• Task details
Only an exact repeat of the listing, without its images, counts as the answer.

• Source data
────

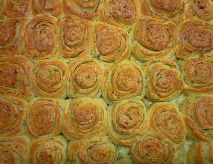 A tészta nagyobbik felét is kinyújtom ,megkenem a töltelékkel,
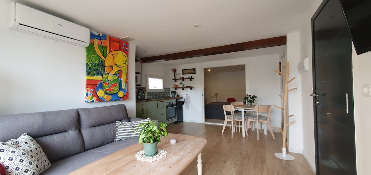 Estudio tranquilo, elegante, con acceso independiente, piscina y sauna privadas. Gran terraza cubierta chillout con barbacoa y mesa de billar semi-pro. Gran jardín-2 niveles, frutales, olivo centenario y breakfast corner Viñedos a 5' a pie. Playa y estación de tren a solo 15'. Autobús directo al centro de BCN a 5'. 20' si vas en coche Escondite con clase y encanto en casa privada en el hermoso pueblo de Alella, D.O con producción de vino desde los tiempos romanos. Chef ofrece comidas gourmet
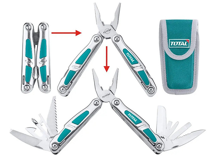 Bộ kềm dao gấp gọn đa năng 15 công dụng có túi đựng TOTAL TFMFT01151 có kèm túi đựng nhỏ gọn, dễ dàng mang theo bên mình ở bất cứ nơi nào.
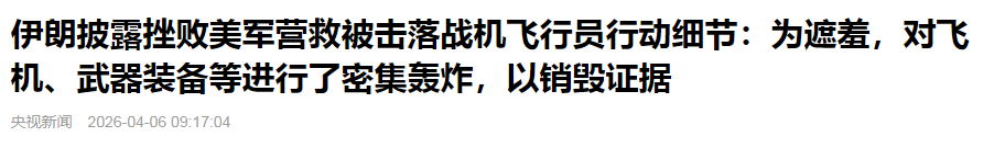 全球主要媒体均证实美军成功救出了飞行员,而革命卫队却声称"救援失败"——这大概率是革命卫队说给伊朗国内民众听的。

────

• Task output
 A tészta nagyobbik felét is kinyújtom ,megkenem a töltelékkel,
 Estudio tranquilo, elegante, con acceso independiente, piscina y sauna privadas. Gran terraza cubierta chillout con barbacoa y mesa de billar semi-pro. Gran jardín-2 niveles, frutales, olivo centenario y breakfast corner Viñedos a 5' a pie. Playa y estación de tren a solo 15'. Autobús directo al centro de BCN a 5'. 20' si vas en coche Escondite con clase y encanto en casa privada en el hermoso pueblo de Alella, D.O con producción de vino desde los tiempos romanos. Chef ofrece comidas gourmet
 Bộ kềm dao gấp gọn đa năng 15 công dụng có túi đựng TOTAL TFMFT01151 có kèm túi đựng nhỏ gọn, dễ dàng mang theo bên mình ở bất cứ nơi nào.
 全球主要媒体均证实美军成功救出了飞行员,而革命卫队却声称"救援失败"——这大概率是革命卫队说给伊朗国内民众听的。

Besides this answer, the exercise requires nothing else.